Помню, Бурнашов приехал однажды из своего Спаса. Он словно бы запамятовал прежнюю жизнь, утратил привычки, он перелицевал натуру, как перекраивают надоевшие пиджаки. Он был в какой-то застиранной мешковатой блузе-толстовке защитного цвета, подпоясанный шерстяным пояском с кистями, и в кирзовых солдатских сапогах. Шло застолье а ля фуршет. Осмотрел собравшихся от порога младенческим выразительным взглядом и вдруг, как ребенок, схватил мою руку жесткой, не по росту великоватой ладонью (я словно в клещи попал) и долго не отпускал, пока мы шли по зале, будто боялся потеряться. Может, он ловко и хитро дурачил, в душе потешаясь над нами? После-то многие восприняли это как игру. Словно ребенка, я подвел Бурнашова к длинному столу, и только тогда он решился отпустить меня, сцепив пальцы на животе и внимательно обозревая толпившихся и жующих. Много было знакомых, они приветственно махали руками, а Бурнашов лишь мелко кивал головою, не отводя блестящего пристального взгляда. Я стоял чуть позади и вдруг заметил и некую странность головы Бурнашова, и то, что волосы его приняли зеленоватый отлив. Кто-то поднес рюмку, и Бурнашов ее послушно взял толстыми разношенными пальцами с мужицкими загнутыми ногтями с траурной каймою. Это меня покоробило, и я застыдился вдруг чего-то и уже иным взглядом, словно подписывая приговор, оглядел друга. За тот час стоячей еды он так ни к чему и не притронулся, был молчалив, грустен и явно тяготился застольем. «Ты чего не причащаешься на дармовщинку?» – спросил его, слегка юродствуя. «Я не лошадь, стоя не привык», – ответил он без улыбки.

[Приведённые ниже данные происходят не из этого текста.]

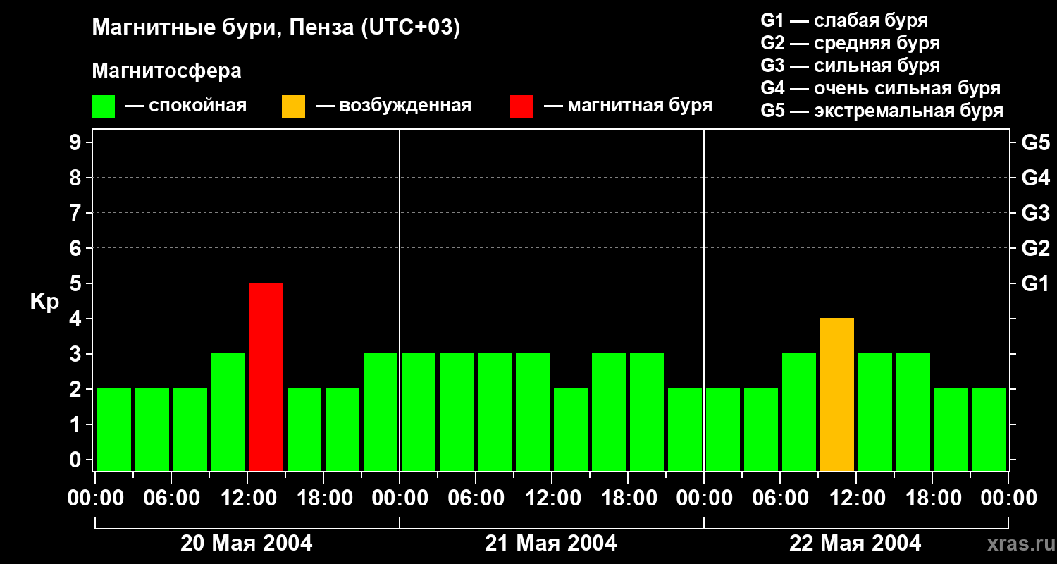 Изменения геомагнитного индекса Kp с 20 по 22 мая 2004 года для средних широт

Скоро с ним случилась неприятная история. Вот, если вкратце. Представь: небольшая деревенька на юге Рязанщины. Сосед Чернобесов за что-то возненавидел Бурнашова, стал творить пакости и строить мелкие козни. Однажды этот Чернобесов решил, что писатель в отъезде, и пристал к его жене с любовью. А Бурнашов был в сарайке, услыхал Лизанькин крик, выскочил. Жена с вилами, Чернобесов напротив, приступом прижимает ее к сарайке. Бурнашов подскочил (я представляю, какой у него был тогда взгляд) и хватил охальника топором, хорошо не по голове, промахнулся, и лезвие скользнуло по предплечью. Бурнашова под суд, два месяца отсидел в предварилке, пока шло следствие, грозило восемь лет «за превышение меры сопротивления». Началось хождение по инстанциям, движение бумаг, мольбы и возгласы пощадить талант… обошлось. Вздохнули, перекрестились, с кем не бывает.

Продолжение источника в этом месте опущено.